だが、どうせ今後朱莉も気が付くだろうし、オレがわざわざ言う必要は無いかなと思う。

「これからは、また動画配信とかするの?」

「もちろんだよ。わたしの日常とか、もっと病態が悪くなっても学園に通えるよーってことをアピールしたいし、あと、施設が出来たら、その紹介と施設の有用性を世間に伝えるつもり」

「そっか」

キラキラと目を輝かせながらこれからを語る朱莉に、嫌悪感を抱きつつも、朱莉の部屋から退出しようとする。

「あ、これから他の人間が朝食持ってくるから。なにか他に不自由があったら、その人に言ってね」

朱莉の返事を聞かず、部屋から出た。これから、やることがどんどん増える。

めんどくさいなとは思いつつも、オレは今後を考え、行動に移すことにした。


詩織に朱莉の考えた〝ALSヴィレッジ〟の概要や、それにあたって神薙財閥が援助をする内容を簡単に伝えると、「お前が良いと言うのなら、良いのだろう。それで進めてくれ」と上っ面の話しか聞いていないのにも関わらず、承諾を出した。

最近動画の撮影や、動画をアップしたことによる対応に追われ、だが勉強時間を一切変えずにいたのだ。流石に疲労が溜まっているのだろう。目の下には朱莉と同じような隈が出来ていた。

「詩織、最近忙しいんだよね?」

「ああ。最近衆議院解散の噂があるだろ? 政治資金パーティーに数個誘われててな。時期はもう少し先だが、親は年単位の旅行中だし、私が出ないといけない。政治家の方々の情報を集める時間が欲しいのだが」

現在、詩織の親は詩織に神薙家の総取を任せ、世界を知るための旅に出ている。まだ高校生の娘に家督を任せるのは常識知らずだと罵る人間もいるだろうが、詩織は既に親と同等の運営能力を身に付けていた。また、高校を神薙財閥が所有するところにすることで、授業を受けずに財閥の仕事が出来ると踏んで、詩織は両親を送り出していたのだ。

詩織の親もまた、神薙家のために生まれ、育てられた人間。ずっと家のために生きていた両親に束の間かもしれないが、人生を楽しんでもらいたくて、もう高齢の両親の背中を押した。親には、頼れない。

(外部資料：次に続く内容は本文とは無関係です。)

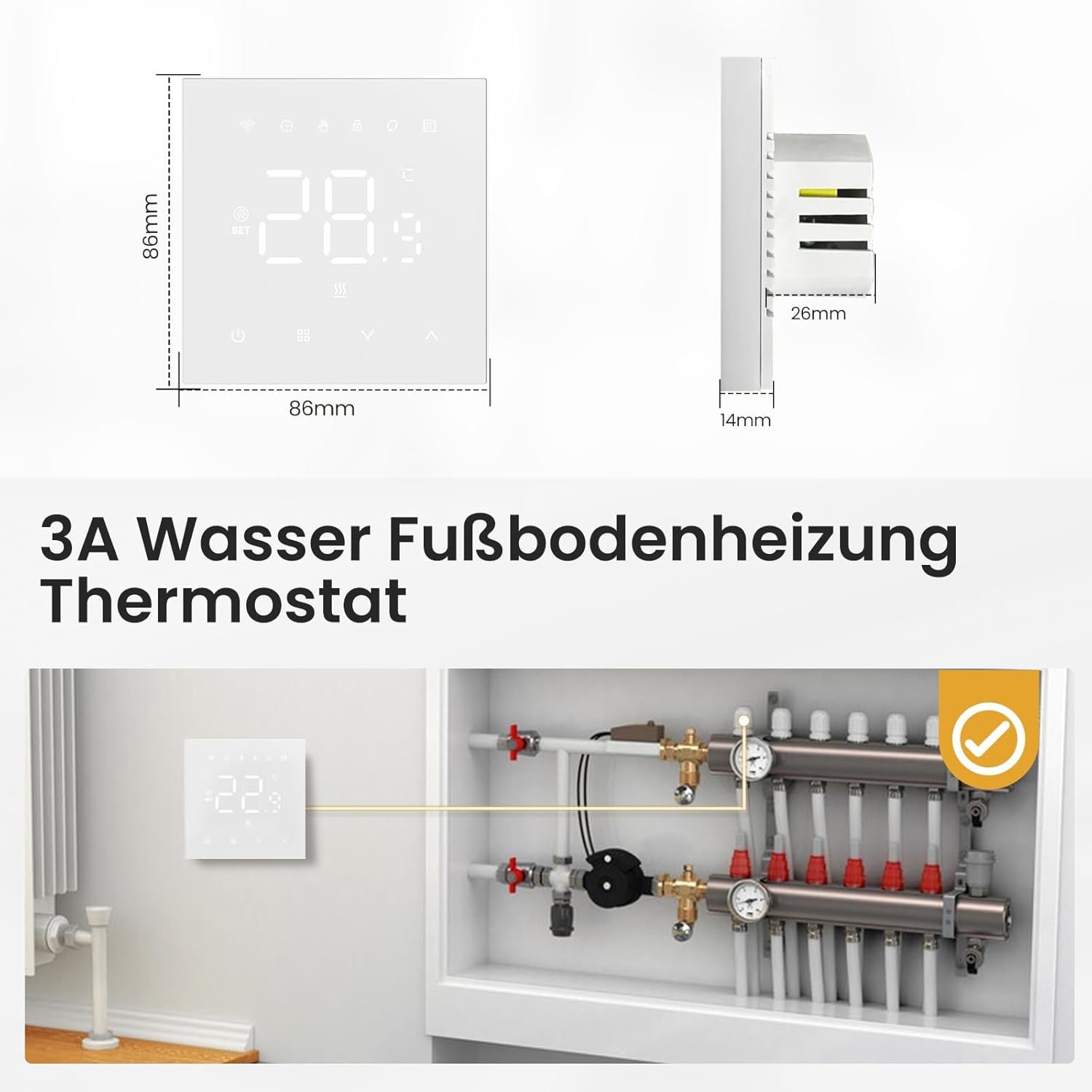 Miucda Smart Thermostat Fussbodenheizung Wasser, Tuya Wifi Heizungsthermostat Smart Digital Digital Raumhermostat Kompatibel Mit Alexa, Google Home

「なら、ALSヴィレッジの件はオレがやっても良い?」

「良いが、大丈夫か? いや、お前の能力を疑っている訳では更々ないが、お前は朱莉と仲が悪かったろ」

「仕事にまで私情を持ち込まないって」

「そうか。なら頼む。一々私に許可は要らないからな。好きにやれ」

「うん、ありがと」

と、詩織から全幅の信頼と共に送り出してもらい、最速で行われたALSヴィレッジの建設に、人員集め、組織作りは。

たったの二か月で完成し、その一か月後、試運転を始めたのだった。